Have you checked Native Seed Search, in Tucson? A lot of their seeds are from the high desert, a mile or more in elevation. They’re a little pricey (I’m cheap, but not easy, just ask the kids :), but everything is open pollinated, so I save the seeds from the best plants.
Where I lived in Pennsylvania (AKA the Swamps of) for years -20 was common, and many people liked it (no asthma attacks and so on). The last frost was 1 June, and the first might come in early September. Where you are frost can come any time after the 4th of July (worked on a ranch in Colorado at that elevation). Russia and Canada have developed frost resistant tomatoes and corn. The chilis I planted would do much better where you are than here, Chimoyo and Sandia. They started to bloom when only 4” high. A mulch is always a must to cool the earth. How long is your growing season, and what’s the average high in summer? Kale is a fall crop, like most or it’s family. Russian kale should survive, laugh at, -20 degrees. Collards are a summer cabbage. When the collards bloom this spring, the buds are eaten like broccoli.

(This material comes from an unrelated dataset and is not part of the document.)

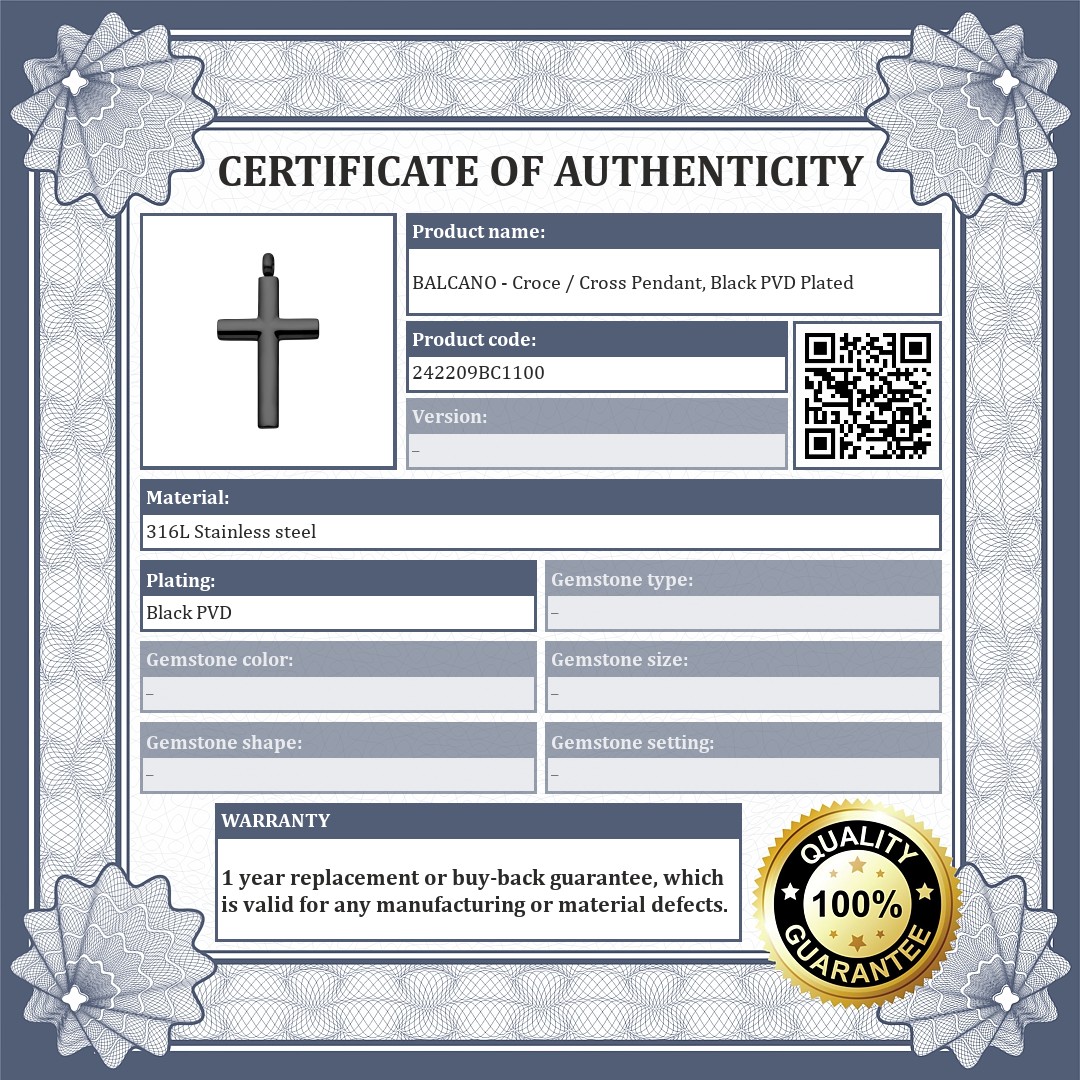 Anti-allergy, medical 316L stainless steel, slightly convex cross-shaped pendant with black, PVD plated. Thanks to its material, it will not wear or discolour during daily use.

Rhubarb? I think I’m jealous. Here, it’s an annual. I am looking for a variety of asparagus that can handle the heat and drought. A Granny Smith apple would be good.
I stopped to ask a neighbor if I could have his grass clippings (dead Bermuda grass, actually 🙂 He’s a gardener, and his wife has things from Mexico that do well here even in the heat. I now have a rue plant and chilitepines she grew. We called the pea-sized chilis bird peppers, because they’re wild/native, and all animals go wild for them, especially birds. The heat index is about like a habanero. The standing joke is that God invented them to torment sinful Yankees 🙂 She also gave me three pads from a type of prickly pear developed in Mexico for the pads and fruit. Jumbo fruit and the pads are over half an inch thick, with no thorns. I didn’t encounter any glochids (the hair-like thorns) either. And, a pound of nopalitos she froze.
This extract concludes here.